Madeleine disappeared from the Mark Warner Ocean Club Resort in Praia da Luz, Portugal, on the evening of May 3. That much is beyond dispute. Her parents had been dining nearby with some friends, grotesquely dubbed "the Tapas Nine" by British tabloids. How nearby? How much wine had they consumed? Who went to check on Madeleine and the McCanns' toddler twins, and when? The Portuguese investigation, shrouded in an official veil of secrecy but shredded by the darts of a million rumours, aims to answer the questions - and, of course, to find Madeleine.
From the beginning, opinion about the McCanns, who are both doctors, was divided. While many grieved for their unimaginable loss, there was equally a sense of suspicion, even before Kate McCann was named an official suspect in the investigation. He was robotic, controlling; she was seen to be unemotional, grim-faced and inexcusably kept to her jogging regime. They were everywhere, on every TV station, on every front page. They wanted to appear on a major American talk show to discuss their daughter, but Portuguese law wouldn't allow it.
Somewhere over the past five months, they've ceased to be human and become characters in Britain's favourite dinner-party game (believe me, you cannot leave your house without talk turning to the McCanns). Kate McCann's increasing gauntness is the subject of daily public examination. Her mother told the press this week that Kate had complained to her: "If I weighed another two stone, had a bigger bosom and looked more maternal, people would be more sympathetic." In other words, if only she looked more like the character in people's heads.
When Enright criticized Gerry McCann in her London Review piece, she focused (fittingly for a novelist) on his use of language. This character's dialogue didn't ring true at all: "The sad fact is that this man cannot speak properly about what is happening to himself and his wife, and about what he wants. The language he uses is more appropriate to a corporate executive than to a desperate father."

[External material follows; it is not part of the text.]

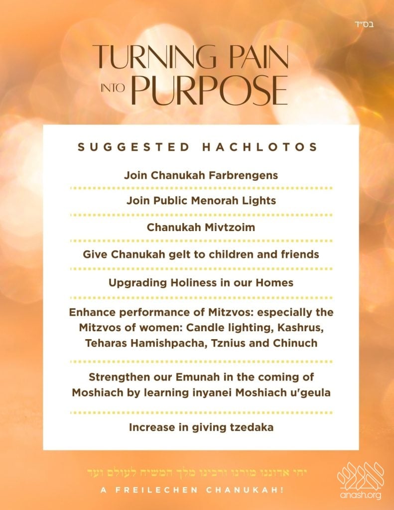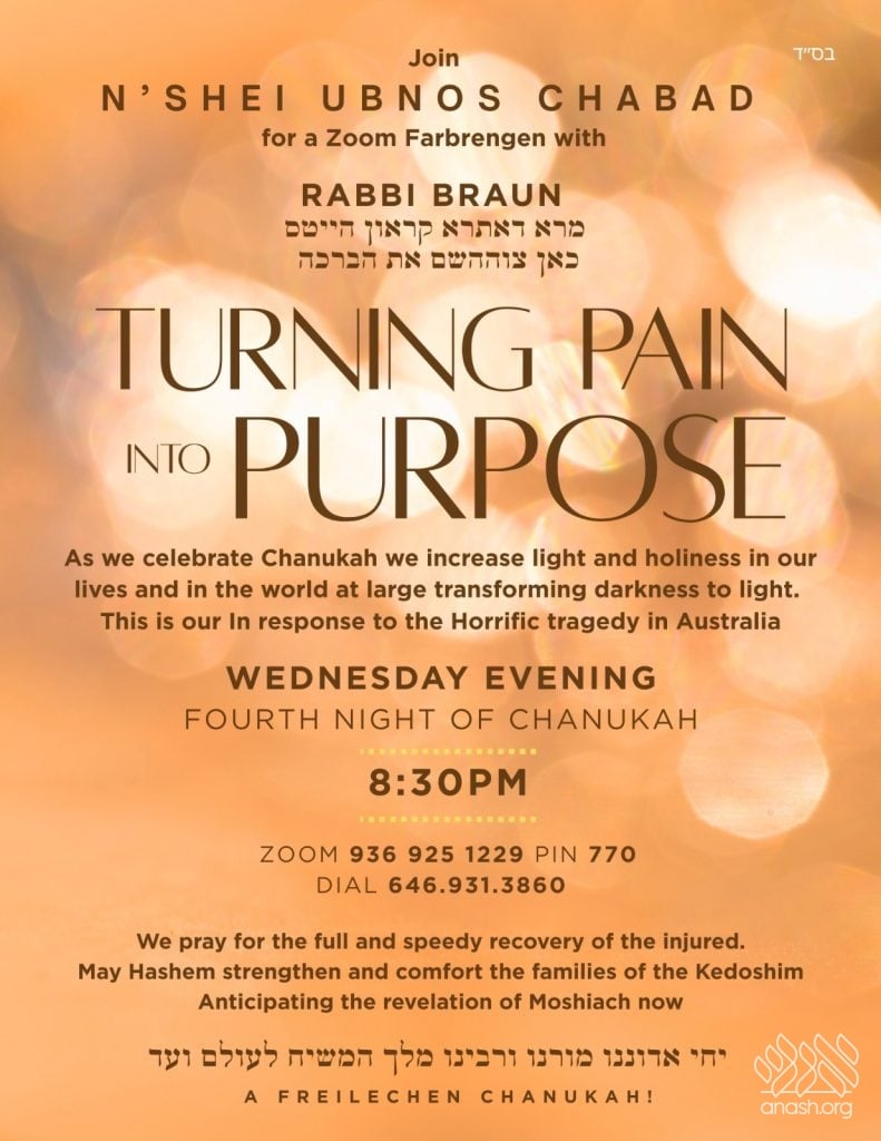 In response to recent tragic events and in the spirit of Chanukah, N’shei Ubnos Chabad will host a global Zoom farbrengen titled “Turning Pain Into Purpose” on Wednesday evening, the fourth night of Chanukah, at 8:30 PM.
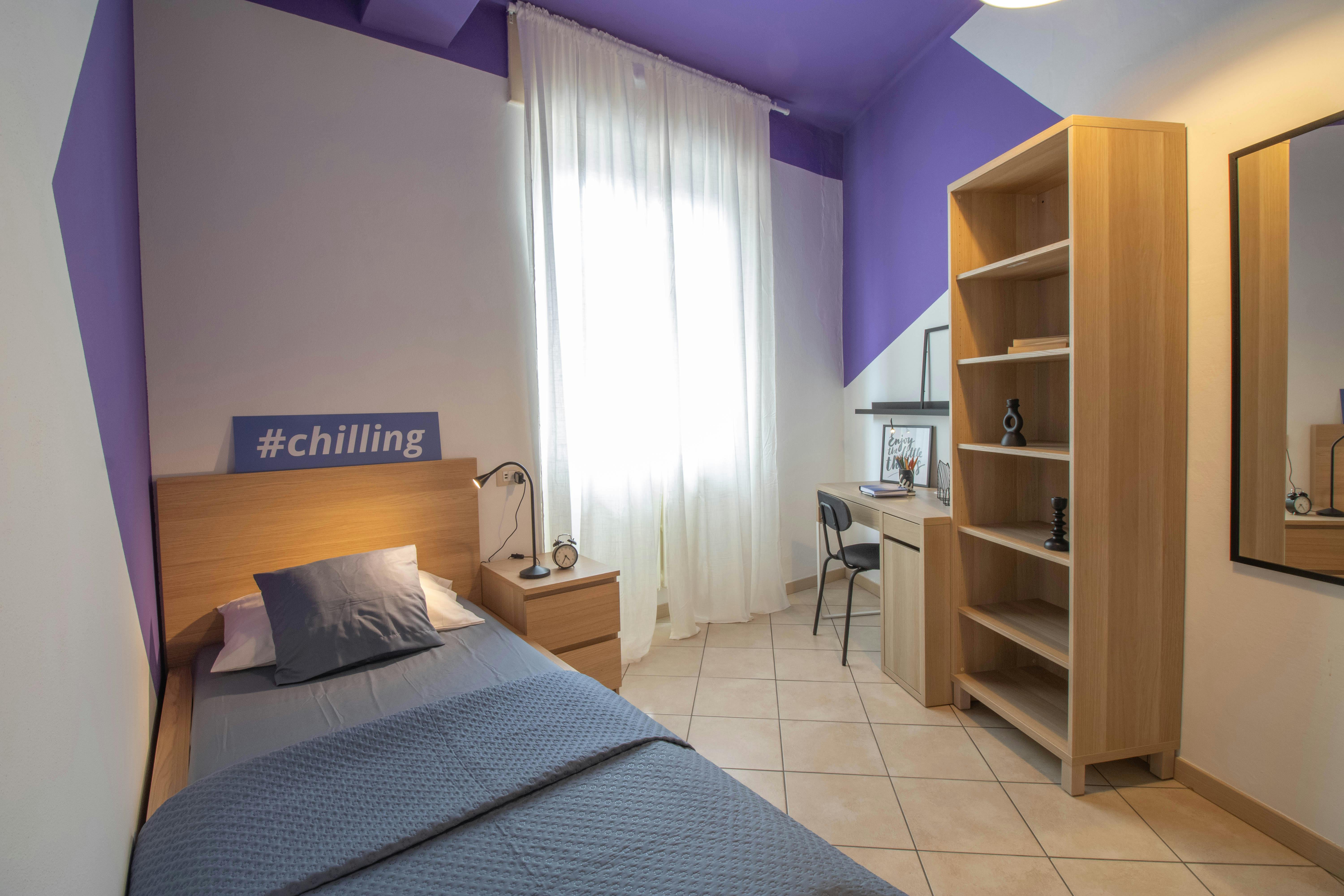 LARGE SINGLE ROOM in a charming renovated apartment, located at Via Ferrini 44, Pavia! The apartment is ideally located for students, a short walk from the main faculties of the University of Pavia and close to public transport. You can easily reach the Faculty of Law, the Faculty of Letters and Philosophy, and the Faculty of Political Science. Living here means having everything you need for studying and university life within easy reach, with convenient access to libraries and academic services, restaurants, cafes, supermarkets (100mt) , pharmacies (250 mt), ATM with bank branch (100 mt), etc. The apartment has been completely renovated and offers: 5 bedrooms, a large kitchen-living room and 2 bathrooms. The available room is a superior room with: - a single bed, - desk, large 2-door wardrobe, chest of drawers, shoe rack - A modern kitchen, complete with all necessary appliances and crockery - Super-fast Wi-Fi - A well-furnished bathrooms - All this for a price of € 500 per month, all inclusive. Advantages: Maintenance included No need to register utilitie...

It's surprising how much of the criticism aimed at the McCanns is aesthetic: People seem to loathe her pastel wardrobe and constant clutching of Madeleine's stuffed toy, Cuddle Cat, and the way they both wear their daughter's memory on their wristbands. They're hapless screens for our projections. "Yep, if my Second Life avatar was a guilt-ruined, possibly child-endangering GP, you can bet she wouldn't wear that cardigan."
The Kate and Gerry Story receives its most exhaustive retellings on YouTube, not surprisingly. Here, any number of creative types have edited the narrative to present them either as bereaved parents (over syrupy strings) or cold-eyed liars (how else to explain the use of the song Happy Talk?). You want to know what Bible prophecy has to say about Madeleine's disappearance? Wonder what a McCann-starring episode of South Park might look like? The creative spirit lives, and it has dexterous editing fingers.
The story shows no sign of flagging, and will remain on the front pages while a question mark hangs over the ending. Some people profess McCann fatigue, but even that's just a fresh way of carrying on the conversation.
The other day I walked by the spot, a few blocks from my house, where a 14-year-old was knifed to death, apparently for "looking at somebody the wrong way." It happened 52 days after Madeleine's disappearance. The boy's picture was seen in the national media for a day, and then he, too, disappeared. But I guess it wasn't much of a story.